Fuzzy financial math preys upon investors (and quite frankly, advisors) when it comes to retirement planning. Find out whether you’re a victim.
(Click the featured times below to jump forward in the episode)
- 2:25 – Mailbag: Hans says he hates having money in the bank because it doesn’t earn enough interest. He wants to know if there’s a better place for his emergency fund.
- 8:20 – Getting To Know You: J’Neanne tells us about her areas of expertise outside of the financial world.
14:14 – Fuzzy Financial Math: Mutual Funds Lead To High Average Returns.
- We really need to qualify what counts at “high average returns.” Sure, your mutual fund might have averaged 7.5 percent. Out of context that sounds pretty good, but what if the market has experienced higher returns? Furthermore, have you accounted for the fees and costs associated with your mutual fund? Those fees could be preventing you from even higher returns. That’s not to say mutual funds are bad. It’s just that you must make sure you’re paying close attention to the numbers in your portfolio.

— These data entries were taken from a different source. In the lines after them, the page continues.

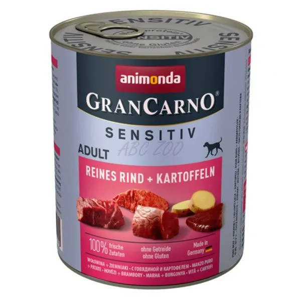 Animonda GranCarno Sensitiv Adult este o hrană la conservă cu carne de vită și cartofi pentru câini adulți de toate rasele cu digestie sensibilă.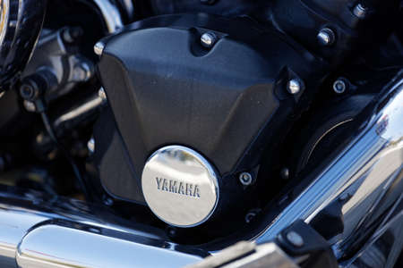 Ulyanovsk, Russia - October 03, 2020. Engine of motorcycle with Yamaha text logo.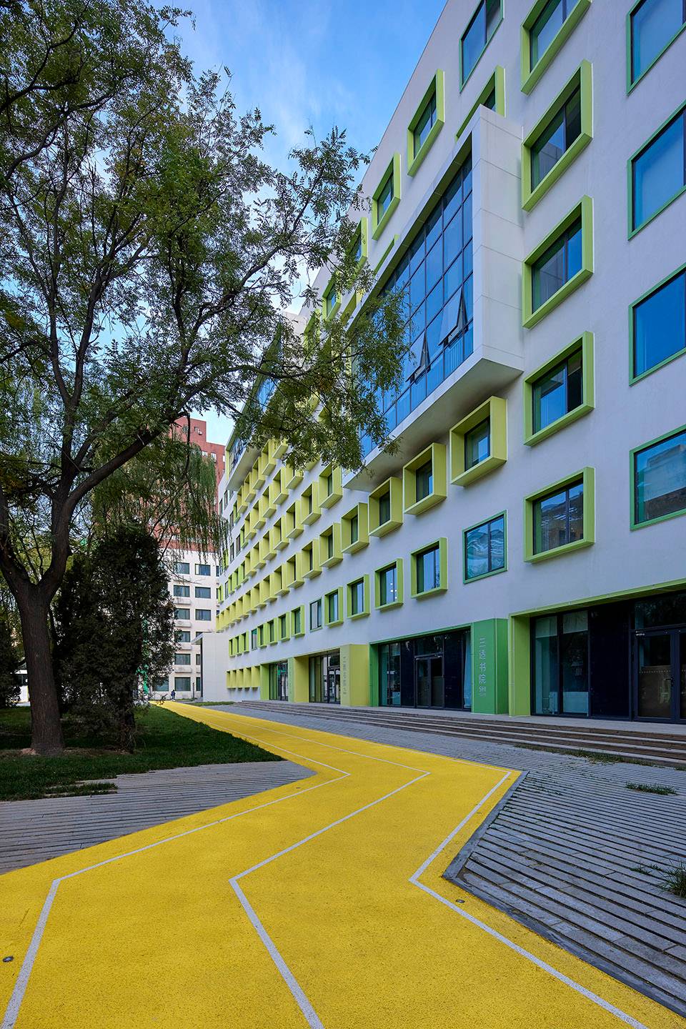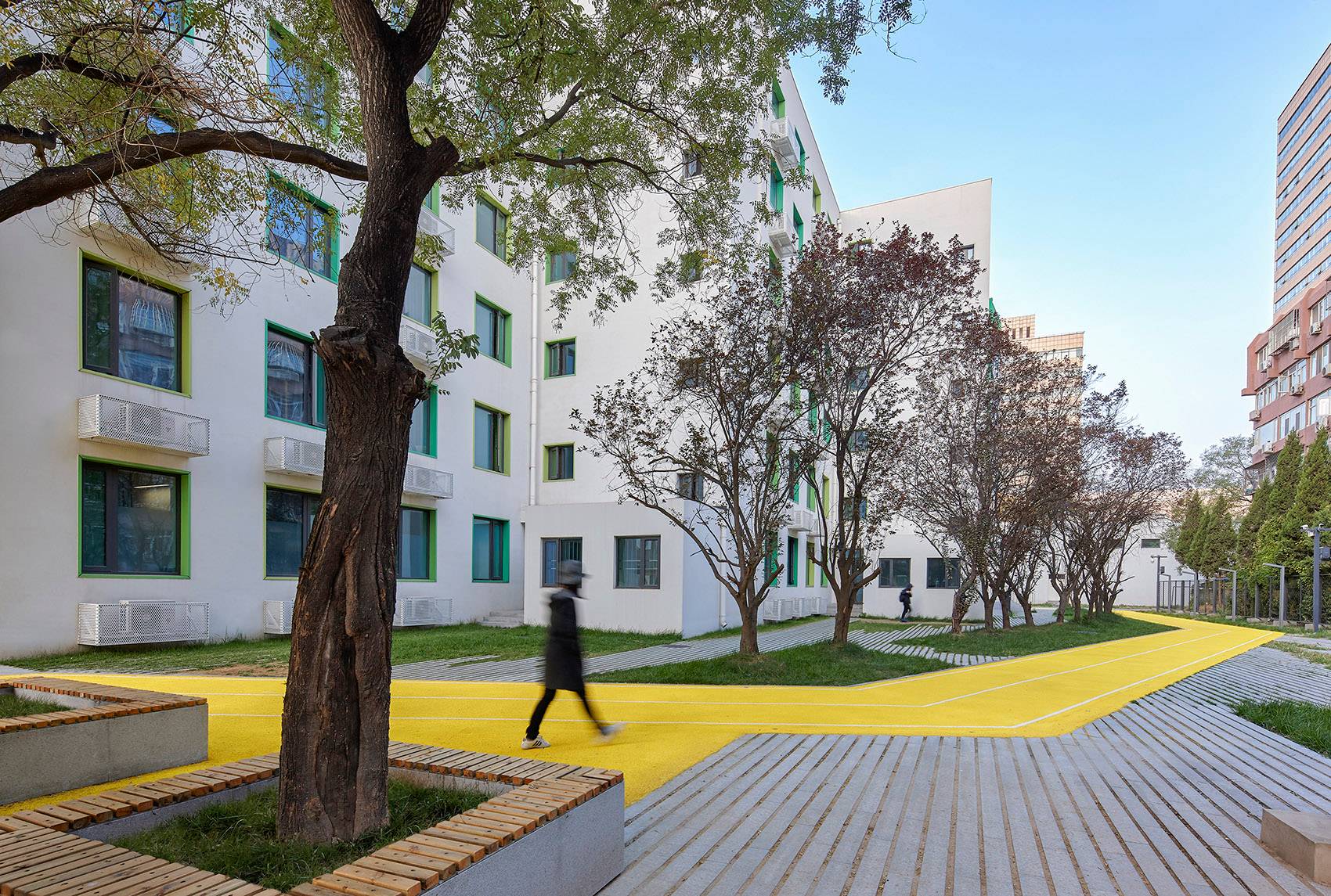 眾所周知,如今,在很多創(chuàng)新教學(xué)空間,自由布局的教室和走廊正成為“標(biāo)配”,其背后的理念是將對空間的支配權(quán)更多地還給學(xué)習(xí)者,激發(fā)他們的主動性。那么校園呢?作為全校師生通行、活動、駐留的綜合場所,校園豐富的層次更加接近真實社會,也就比很多功能空間蘊含更多跨界、多元的教育和交流機會。所以,校園同樣——甚至是更需要一個寬松、友善的語境,讓孩子們在一生當(dāng)中最富生機、充滿可能的年華,有機會在這座“舞臺”上反復(fù)彩排自己的人生未來。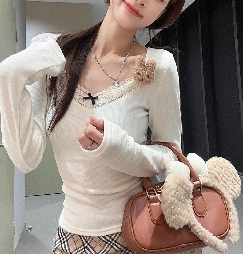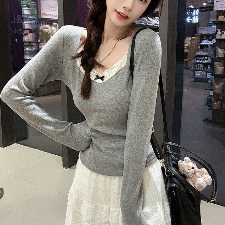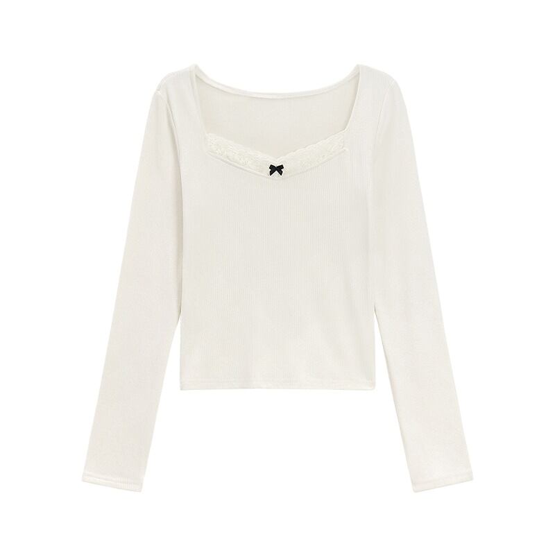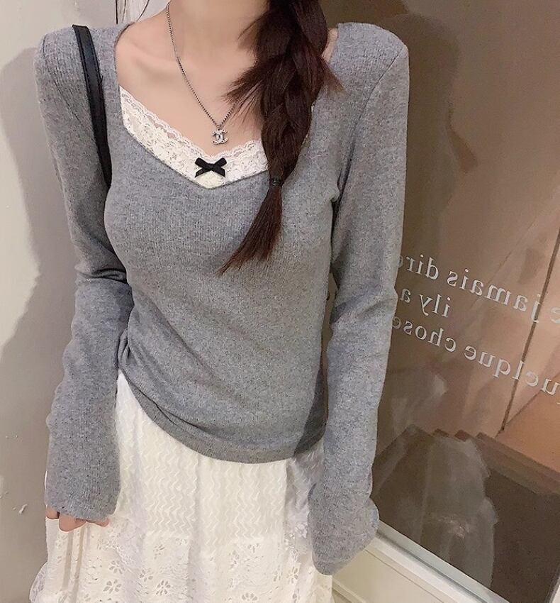 レディース トップス カットソー ニットソー レースリボン インナートップス 長袖 スリムフィット 薄手 大人 おしゃれ 大人可愛い 大人女子 キュート 春 秋 デート お出かけ 休日 旅行 普段使い 韓国系 スタイル 送料無料 S M L XL グレー オフホワイト

16:44 – Fuzzy Financial Math: Taking Social Security At 70 Is Best.
- Everyone knows once you turn 70, you’re eligible to withdraw the highest amount of Social Security. Folks naturally then deduce this is the best strategy. However, it’s important to think beyond the numbers. Ask yourself, “How long am I going to continue to work?” “How long is my spouse going to work?” “What’s the age difference between my spouse and me?” “What’s my family history?” “How long do I expect to live?” The answers to these questions will help you determine the best age to start taking Social Security. Maybe it’s better to wait. Maybe it’s not.
18:33 – Fuzzy Financial Math: I Don’t Have To Save In Retirement.
- It’s natural to think you won’t need as much income in retirement. Therefore, you might think you’ll need to save less. To that we’d say, “Says Who?” Many folks find it difficult to spend in retirement because they’ve been in the habit of saving for so long. You’ll still save in retirement, but the way you’ll save could look different. A properly diversified portfolio will help you to save in that it’s earnings will offset taxes and inflation. In short, yes, you’ll continue saving in retirement. You’ll just do it differently.